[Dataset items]
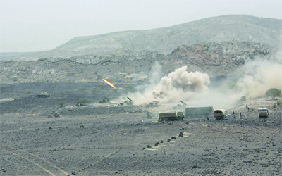 الجيش اليمني يطلق صاروخاً باتجاه مواقع «القاعدة» في أبين. رويترز
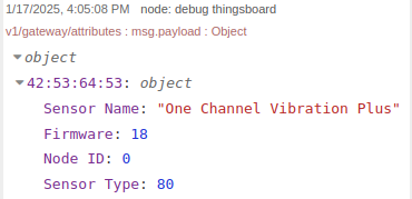 This message contains the real-time sensor data, which includes key readings such as temperature, vibration, and battery percentage. The flow formats this data and publishes it to ThingsBoard as telemetry data. Telemetry data in ThingsBoard is used for real-time monitoring and visualization, enabling users to track the sensor’s status and performance over time.
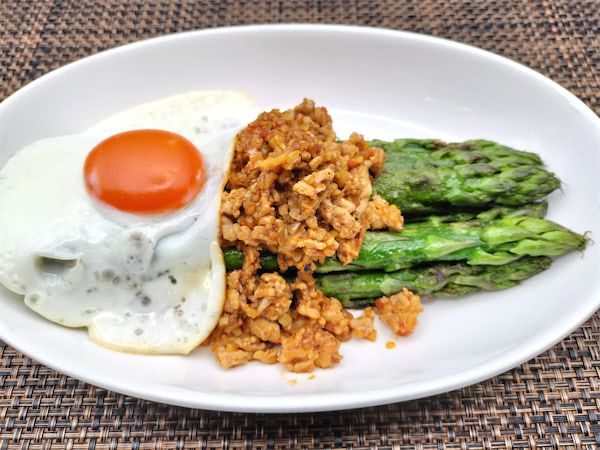 次にひき肉と一緒に食べてみると、しっかりとスープや調味料がひき肉の中に染み込んでいて、さっぱりとしたアスパラを包み込むようにも思えました。豆板醤は少量しか使っていませんが、けっこう辛みが感じられるのがアクセントになっていて、そこに卵黄を潰して絡めて食べてみるとやさしいコクと旨味がソースごと包み込んでなぜかアスパラを強く感じて不思議でした。
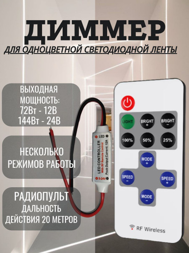 Диммер-контроллер мини, с радиопультом для управления одноцветной монохромной светодиодной лентой, 12-24В
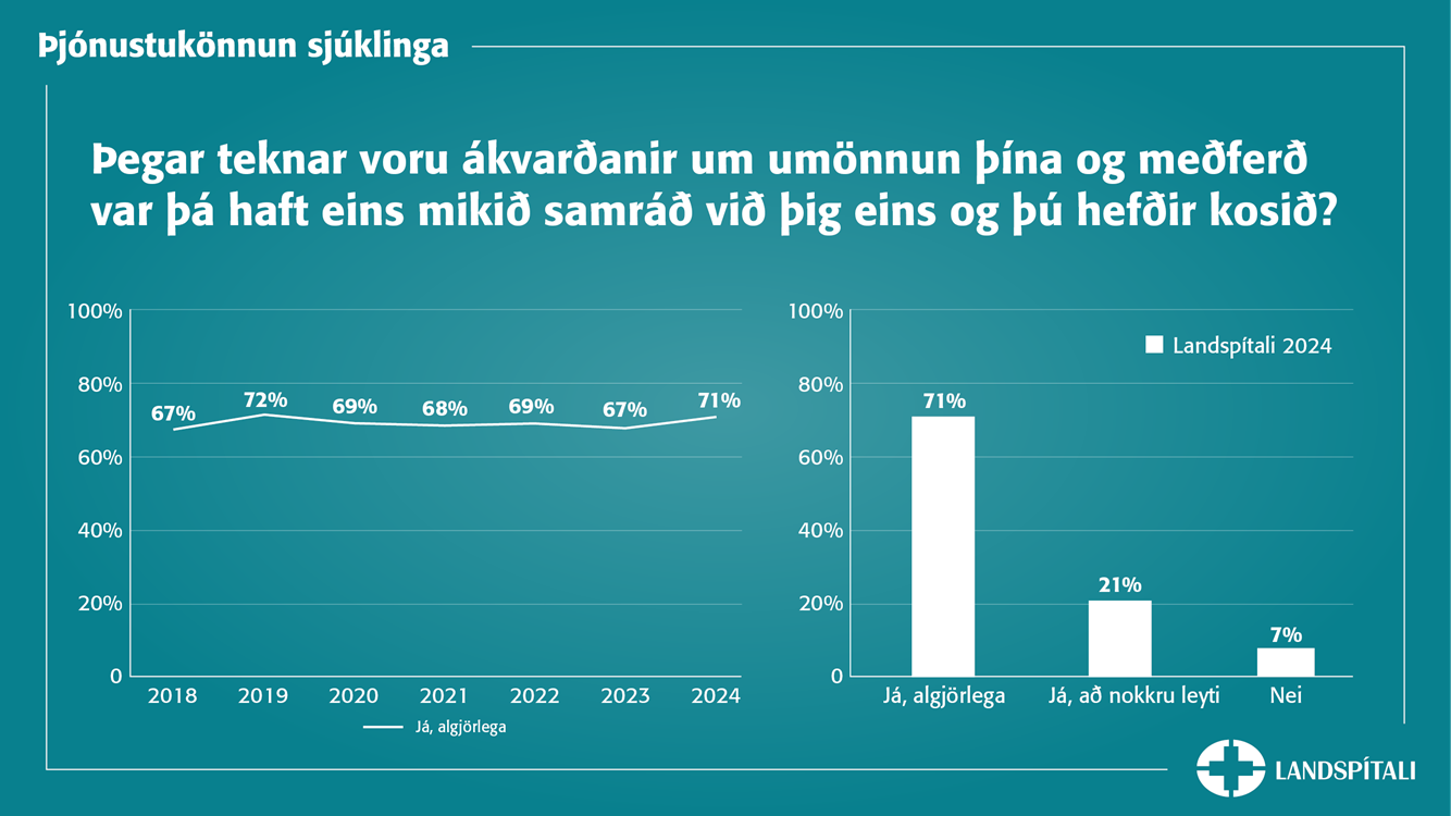 Umhyggja er eitt af gildum Landspítala og sl. tvö ár hefur verið spurt um umhyggju í þjónustukönnun Landspítala.
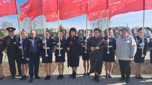 В знак благодарности погибшим защитникам Отечества возложили цветы к мемориалу и почтили их память минутой молчания.
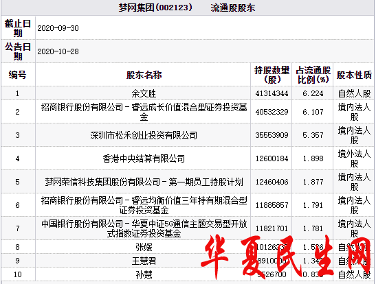 三季报显示,睿远基金与华夏基金旗下公募产品出现在梦网集团的前十大流通股东中。

## REQUIRED ACTION:
Retype the lines starting with the one that holds "Umhyggja er eitt" and ending with the last line of the data above, both included; skip the pictures.

## TASK RESPONSE:
 Umhyggja er eitt af gildum Landspítala og sl. tvö ár hefur verið spurt um umhyggju í þjónustukönnun Landspítala.
 В знак благодарности погибшим защитникам Отечества возложили цветы к мемориалу и почтили их память минутой молчания.
 三季报显示,睿远基金与华夏基金旗下公募产品出现在梦网集团的前十大流通股东中。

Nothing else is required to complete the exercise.